Tianfei Liu et al. Front Genet. .

Abstract

The choice of a genetic marker genotyping platform is important for genomic prediction in livestock and poultry. High-throughput sequencing can produce more genetic markers, but the genotype quality is lower than that obtained with single nucleotide polymorphism (SNP) chips. The aim of this study was to compare the accuracy of genomic prediction between high-throughput sequencing and SNP chips in broilers. In this study, we developed a new SNP marker screening method, the pre-marker-selection (PMS) method, to determine whether an SNP marker can be used for genomic prediction. We also compared a method which preselection marker based results from genome-wide association studies (GWAS). With the two methods, we analysed body weight at the12th week (BW) and feed conversion ratio (FCR) in a local broiler population. A total of 395 birds were selected from the F2 generation of the population, and 10X specific-locus amplified fragment sequencing (SLAF-seq) and the Illumina Chicken 60K SNP Beadchip were used for genotyping. The genomic best linear unbiased prediction method (GBLUP) was used to predict the genomic breeding values. The accuracy of genomic prediction was validated by the leave-one-out cross-validation method. Without SNP marker screening, the accuracies of the genomic estimated breeding value (GEBV) of BW and FCR were 0.509 and 0.249, respectively, when using SLAF-seq, and the accuracies were 0.516 and 0.232, respectively, when using the SNP chip.
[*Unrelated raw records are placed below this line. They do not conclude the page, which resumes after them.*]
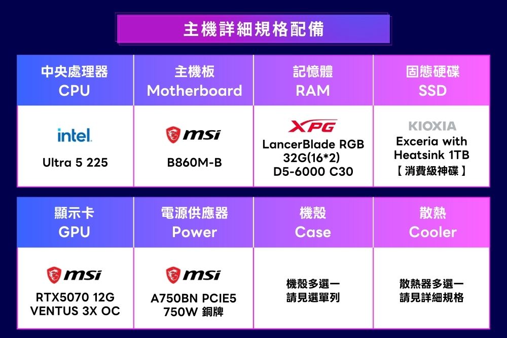 U5十核+RTX5070 WIN11電競電腦【荒城夜營】(225/B860/32G/1T/任選散熱)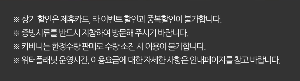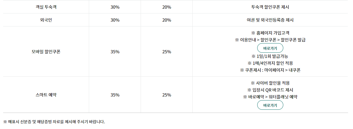 ※ 현장 매표소 결제 시 아래의 할인율이 적용(해당 증빙 제시 필수)
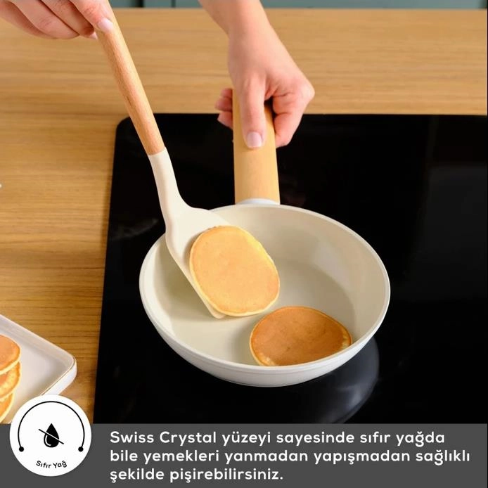Karaca Swiss Crystal Almond Cream İndüksiyon Tabanlı Tava 18 Cmفاقد PFAS و مواد شیمیایی مضر

With SNP marker screening by the PMS method, the accuracies of GEBV of the two traits were 0.671 and 0.499, respectively, when using SLAF-seq, and 0.605 and 0.422, respectively, when using the SNP chip. Our SNP marker screening method led to an increase of prediction accuracy by 0.089-0.250. With SNP marker screening by the GWAS method, the accuracies of genomic prediction for the two traits were also improved, but the gains of accuracy were less than the gains with PMS method for all traits. The results from this study indicate that our PMS method can improve the accuracy of GEBV, and that more accurate genomic prediction can be obtained from an increased number of genomic markers when using high-throughput sequencing in local broiler populations. Due to its lower genotyping cost, high-throughput sequencing could be a good alternative to SNP chips for genomic prediction in breeding programmes of local broiler populations.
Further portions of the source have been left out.